In accordance with the preferred embodiments of the present invention, the Vent Mode occurs when the valve 36 is configured in its normal or deenergized configuration (during which the gas discharge line 26c is isolated from the bypass vent line 40 and in fluid communication with the intake line 42, as discussed above) and the valve 58 is configured in its normal or deenergized configuration (during which the exhaust line 56 is isolated from the recycle line 64 and in fluid communication with the vent line 62, as discussed above). In accordance with the preferred embodiments, when in the Vent Mode, a differential pressure exists between the downstream terminus of the gas discharge line 26c and the downstream terminus of the vent line 62 by virtue of the operational characteristics of the purge system 20. Hence, during the Vent Mode non-condensable gases discharged from the purge system 20 pass into the upper end of the internal tube 48 and are expelled from the lower end of the internal tube 48, whereby the gases flow upward through the adsorbent material 50. The adsorbent material 50 preferably functions to adsorb a substantial portion of the refrigerant entrained in the non-condensable gases and allow the non-condensable gases to flow out of the canister 44 and vent to the atmosphere by way of the vent line 62. It is preferable for the refrigeration system 10 and the purge system 20 to be operating in a manner such that the purge system 20 is only periodically required to discharge gases into the purge supplement 34. However, the purge supplement 34 is preferably capable of functioning and reducing the amount of refrigerant discharged to the atmosphere even when the refrigeration system 10 and purge system 20 are operating in a manner which results in the frequent or constant discharging of gases from the purge system 20.

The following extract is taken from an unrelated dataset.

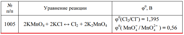Задача 1005 - определите направление, в котором реакция может протекать самопроизвольно, используя окислительно-восстановительные потенциалы отдельных полуреакций, вычислите стандартную энергию Гиббса ΔrG0298 и константу равновесия реакции.

While the purge supplement 34 discharges into and through the canister 44 during the Vent Mode, the amount of refrigerant that is adsorbed/accumulated by the adsorbent material 50 increases. In accordance with the preferred embodiment of the present invention, once a certain amount of refrigerant has been adsorbed/accumulated by the adsorbent material 50, the purge supplement 34 preferably automatically reconfigures to operate in the Recycle Mode. The predetermined amount is preferably less than an amount that would substantially diminish the capacity of the adsorbent material 50 for separating refrigerant from non-condensable gases, whereby the predetermined amount is less than an amount that would saturate the adsorbent material. When the purge supplement 34 reconfigures to operate in the Recycle Mode, the valve 36 is energized (whereby the gas discharge line 26c is in fluid communication with the bypass vent line 40 and is isolated from the intake line 42) and the valve 58 is, after a time delay, energized (whereby the exhaust line 56 is in fluid communication with the recycle line 64 and is isolated from the vent line 62). Thus, in the Recycle Mode the canister chamber 46 is isolated from the purge system 20; and after a time delay the canister chamber 46 is isolated from atmosphere and placed in fluid communication with the evaporator 14.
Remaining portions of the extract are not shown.